D-List Superbugs: Chikungunya Virus

Featured on #FOAMED REVIEW 32ND EDITION – Thank you to Michael Macias from emCurious for the shout out!

Author: Erik A Berg (EM Resident Physician, Keck School of Medicine/Department of Emergency Medicine, LAC+USC Medical Center)//Editors: Jennifer Robertson MD, Alex Koyfman MD


The mosquito-born chikungunya virus (CHIKV) – a cause of an acute onset fever and polyarthralgias – was discovered in sub-Saharan Africa in 1952 and has subsequently been implicated in outbreaks in countries in Africa, Asia, Europe, and the Indian Ocean. As of late 2013, locally transmitted, laboratory confirmed infections have occurred in the Western Hemisphere, including in the United States in July 2014. Of the more than 800,000 suspected and confirmed cases in the Americas, over 80% have occurred in four Caribbean states: Dominican Republic, Martinique, Guadeloupe, and Haiti.

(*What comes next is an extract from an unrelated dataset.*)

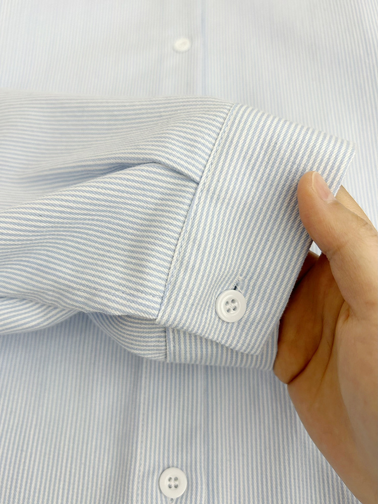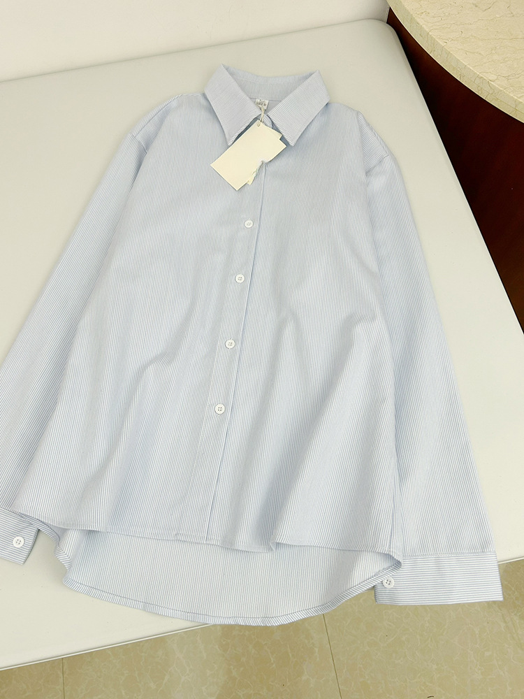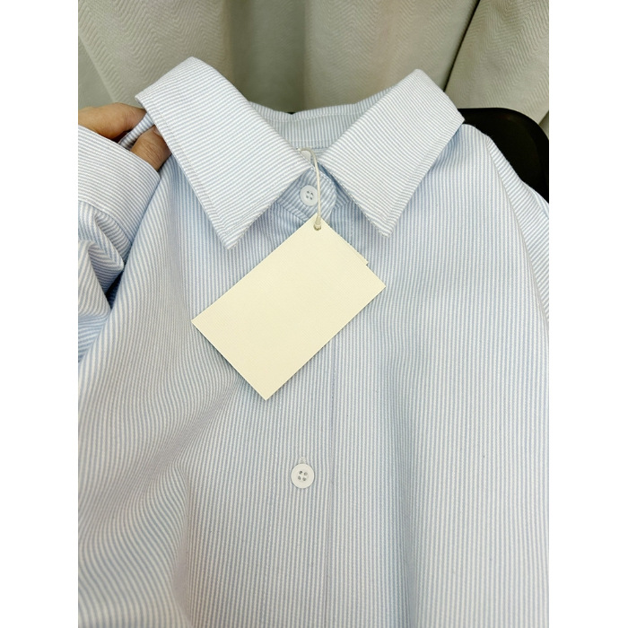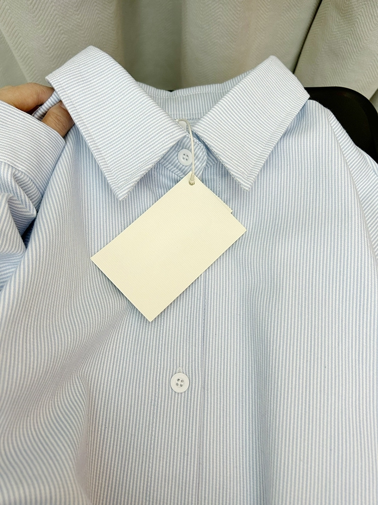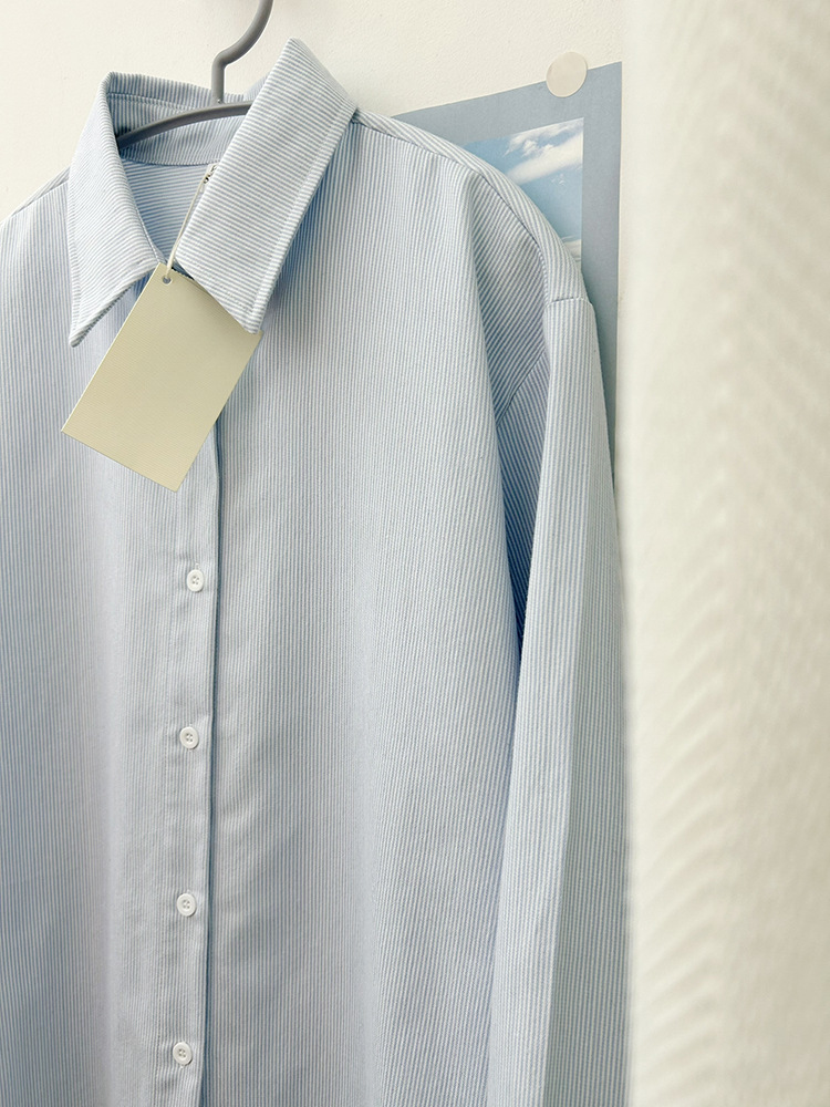 파인 스트라이프 면 블루 셔츠 긴팔 디자인 감각 있는 틈새 시장 2025 루즈핏 다용도 셔츠 여성용스토어 가기

The virus is transmitted by mosquito species (Aedes Agyptiae and Aedes Albopictus) that are found throughout the Americas, including in both urban and rural parts of the United States. These same mosquitoes also serve as the primary vector for the dengue virus.

The incubation period for CHIKV is typically 2-4 days3, but CHIKV should be suspected in any patient with an acute onset fever, severe polyarthralgias and recent travel to endemic/epidemic areas within 2 weeks of symptom onset. Patients may variably present with nonspecific symptoms including maculopapular rash, headache, myalgias, and conjunctivitis. Shortly after the onset of fever, the majority of infected persons develop severe, often debilitating polyarthralgias. The polyarthralgias are characteristically bilateral and symmetric and most commonly located in small joints (ankle, wrist, hand) and can last for weeks to months.
The differential diagnosis for an acute fever with polyarthralgias should include both infectious and rheumatologic conditions. Most importantly for emergency physicians, there are three potentially fatal infectious diseases that can present similarly to CHIKV and share overlapping geographic distributions

(1) Leptospirosis: can cause acute fever, jaundice, myalgias localized mainly in calves, and conjunctival suffusion. Conjunctival suffusion and myalgias are considered pathognomonic of leptospirosis. Serology most commonly confirms the clinical diagnosis.

(2) Dengue fever: can cause malaise, headache (especially in the retro-orbital area), and muscle aches. The diagnosis is established clinically and confirmed with serology .

(3) Malaria: can present with paroxysms of chills and rigor followed by fever spikes, and other nonspecific symptoms including headache, fatigue, myalgia, and nausea. Diagnosis is by direct microscopy (“thick and thin” blood smears).

In fact, “chikungunya” is derived from a word in a Tanzanian dialect meaning “that which bends up,” which refers to the bent or stooped posture that infected patients take due to their joint pain. (Ref: Burt FJ, Rolph MS, Rulli NE, et al. Chikungunya: a re-emerging virus. Lancet. 2012;379:662-671)
Conjunctival suffusion should be differentiated from conjunctival injection (non-uniform redness) or subconjunctival hemorrhages (Ref: Travel-Acquired Leptospirosis)

Laboratory workup for CHIKV is generally non-specific but may show lymphopenia (as in many arboviral diseases).

Treatment for CHIKV is limited to supportive care: rest, fluids, antipyretics, and analgesics.

Patients being discharged should be instructed on mosquito control and avoidance. The Aedes mosquitoes are known to be aggressive daytime biters. Patients infected with chikungunya virus should avoid further mosquito exposure during the first week of illness to reduce the risk of further transmission. In addition, patients should be introduced to the possibility of chronic or relapsing polyarthralgic symptoms.


Centers for Disease Control and Prevention. (2014). Chikungunya, Information for Vector Control. Retrieved from http://www.cdc.gov/chikungunya/pdfs/CHIKV_VectorControl.pdf
PAHO (2014). Number of reported cases of Chikungunya fever in the Americas – EW 46. Retrieved from http://www.paho.org/hq/index.php?Itemid=40931
Chen LH, Wilson ME. Dengue and chikungunya infections in travelers. Curr Opin Infect Dis. 2010 Oct;23(5):438-44.
Wattal C, Goel N. Infectious disease emergencies in returning travelers: special reference to malaria, dengue fever, and chikungunya. Med Clin North Am. 2012 Nov;96(6):1225-55.
Morens DM, Fauci AS. Chikungunya at the door–déjà vu all over again? N Engl J Med. 2014 Sep 4;371(10):885-7. doi: 10.1056/NEJMp1408509. Epub 2014 Jul 16.